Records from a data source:
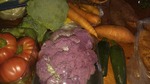 Вчера собрала первую партию помидоров - бычье сердце и помидоры черри! А еще у меня зреет дынька!
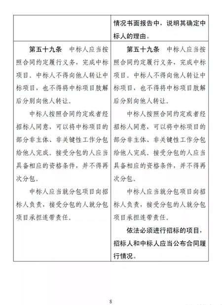 其中,最受大家關注的一點是:招標人可以直接確定中標人。該條修改前后對照如下:
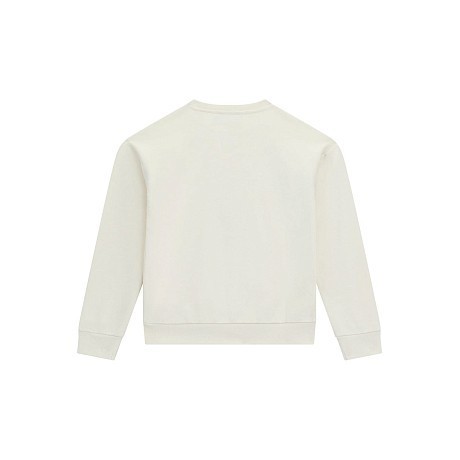 Джемпер Guess – это идеальный выбор для стильных девочек! Изготовлен из 100% хлопка, он украшен элегантным принтом с надписью 1981 и логотипом Guess. Нежная белая основа с золотистым принтом создает стильный и современный образ. На фотографиях видна аккуратная вышивка и мягкая текстура ткани. Качество от бренда из США и внимание к деталям делают этот джемпер отличным выбором для вашего ребенка!
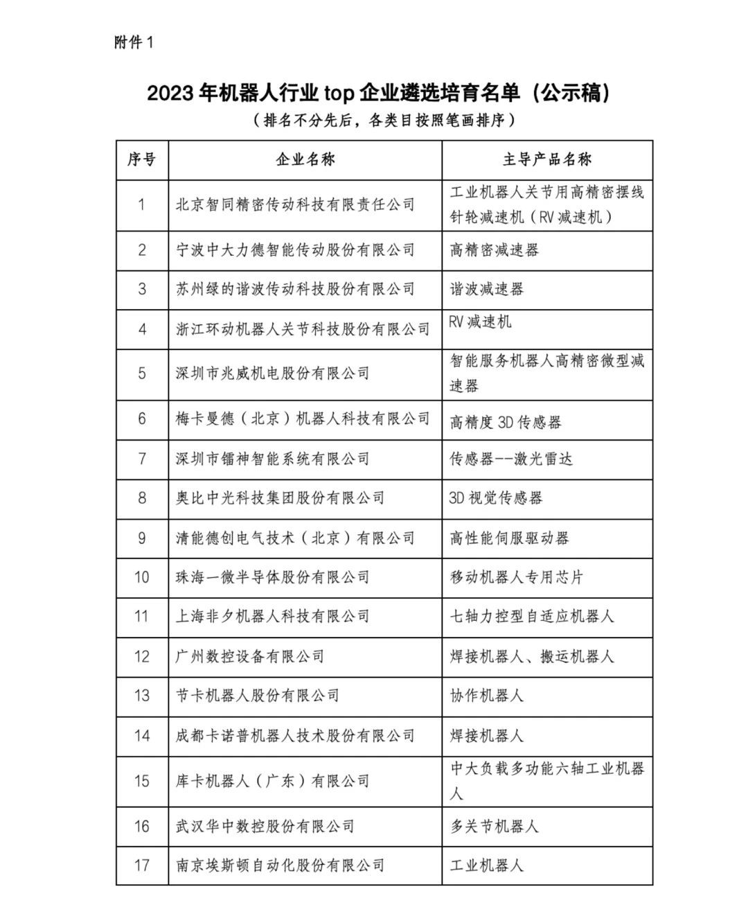 附件1:2023机器人行业TOP企业遴选培育名单(公示稿)
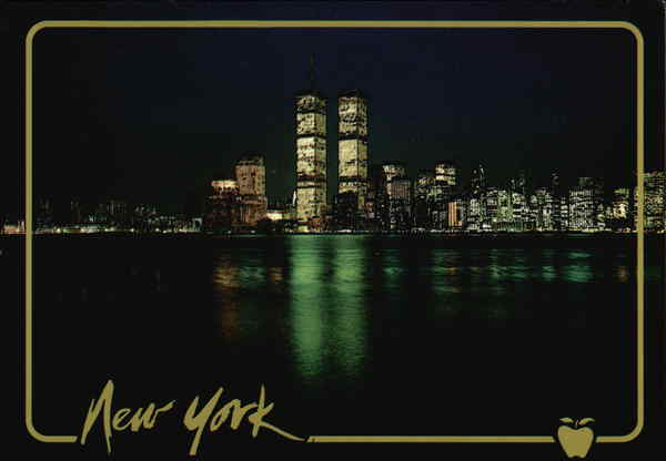 Manhattan skyline is reflected in New York Harbor, as seen from
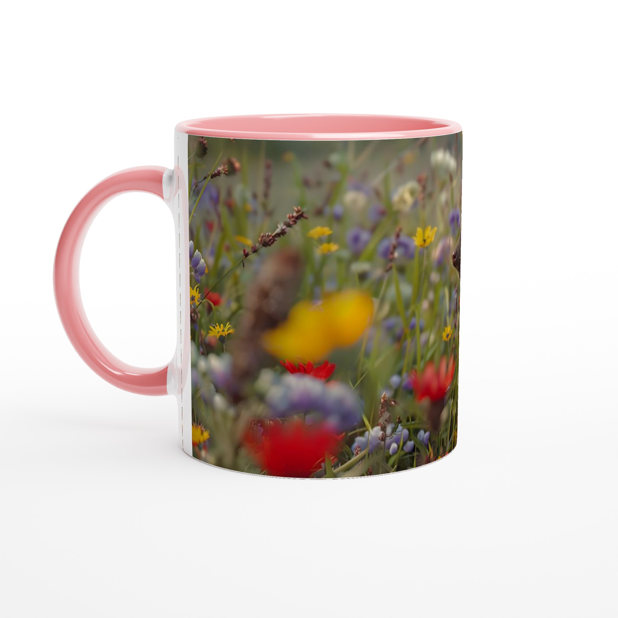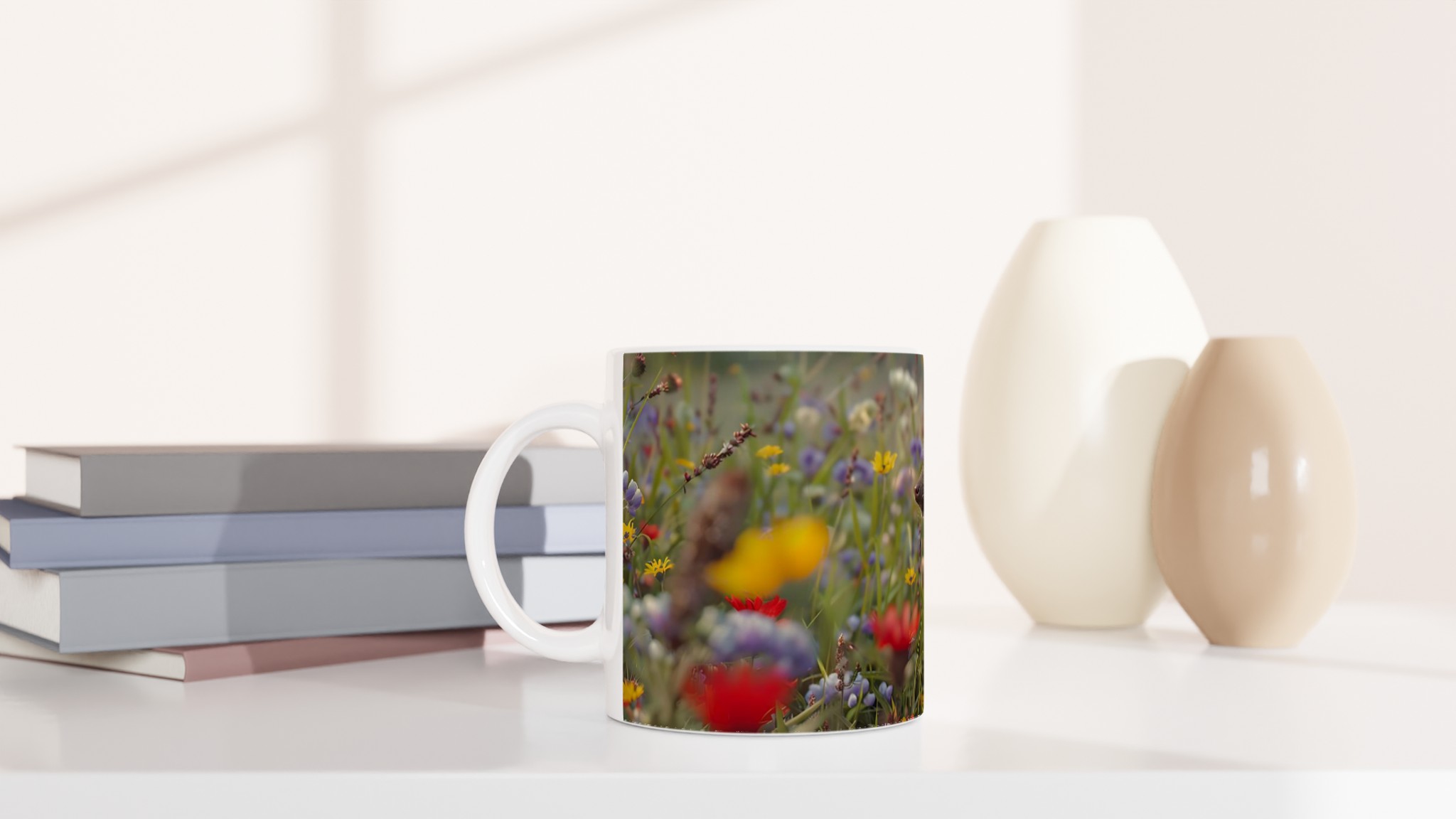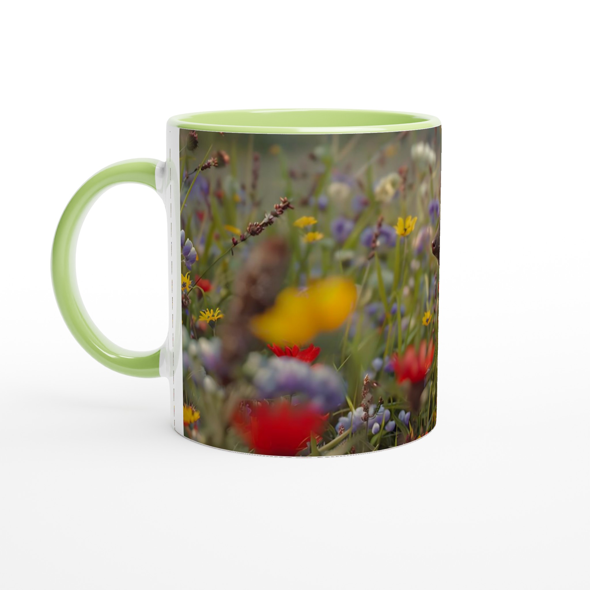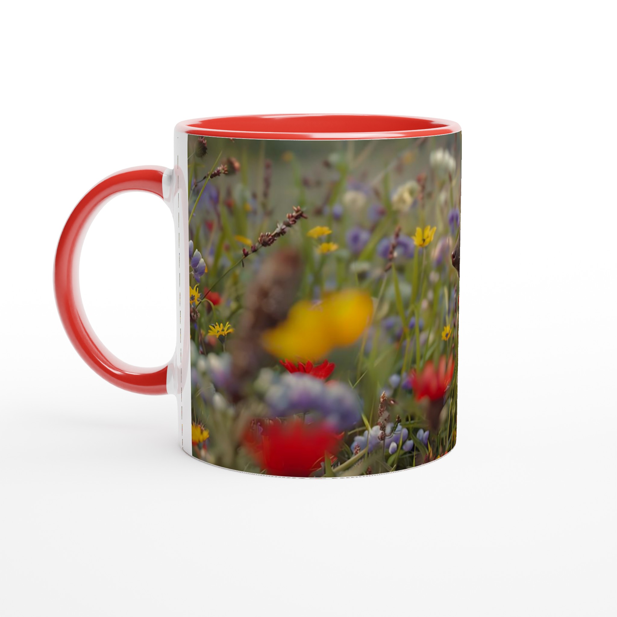 Fånga känslan av en solig vårdag med denna underbara keramiska mugg, som blir en omedelbar favorit i ditt hem. Prydd med ett förtrollande motiv av en vessla i ett blommande fält, omgiven av klara gula, röda och lila blommor, erbjuder denna mugg en lugn och inbjudande start på varje dag. Perfekt för morgonkaffet, en lugn stund med varm choklad, eller när du bara vill njuta av en kopp te medan du drömmer dig bort till naturens skönhet.
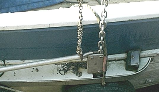 by a line passing under the bulwark strake to a cleat.

Exercise description: Find the line that contains "Fånga känslan av". Reproduce it and every later line of the records exactly, minus the pictures.

Response to this task:
 Fånga känslan av en solig vårdag med denna underbara keramiska mugg, som blir en omedelbar favorit i ditt hem. Prydd med ett förtrollande motiv av en vessla i ett blommande fält, omgiven av klara gula, röda och lila blommor, erbjuder denna mugg en lugn och inbjudande start på varje dag. Perfekt för morgonkaffet, en lugn stund med varm choklad, eller när du bara vill njuta av en kopp te medan du drömmer dig bort till naturens skönhet.
 by a line passing under the bulwark strake to a cleat.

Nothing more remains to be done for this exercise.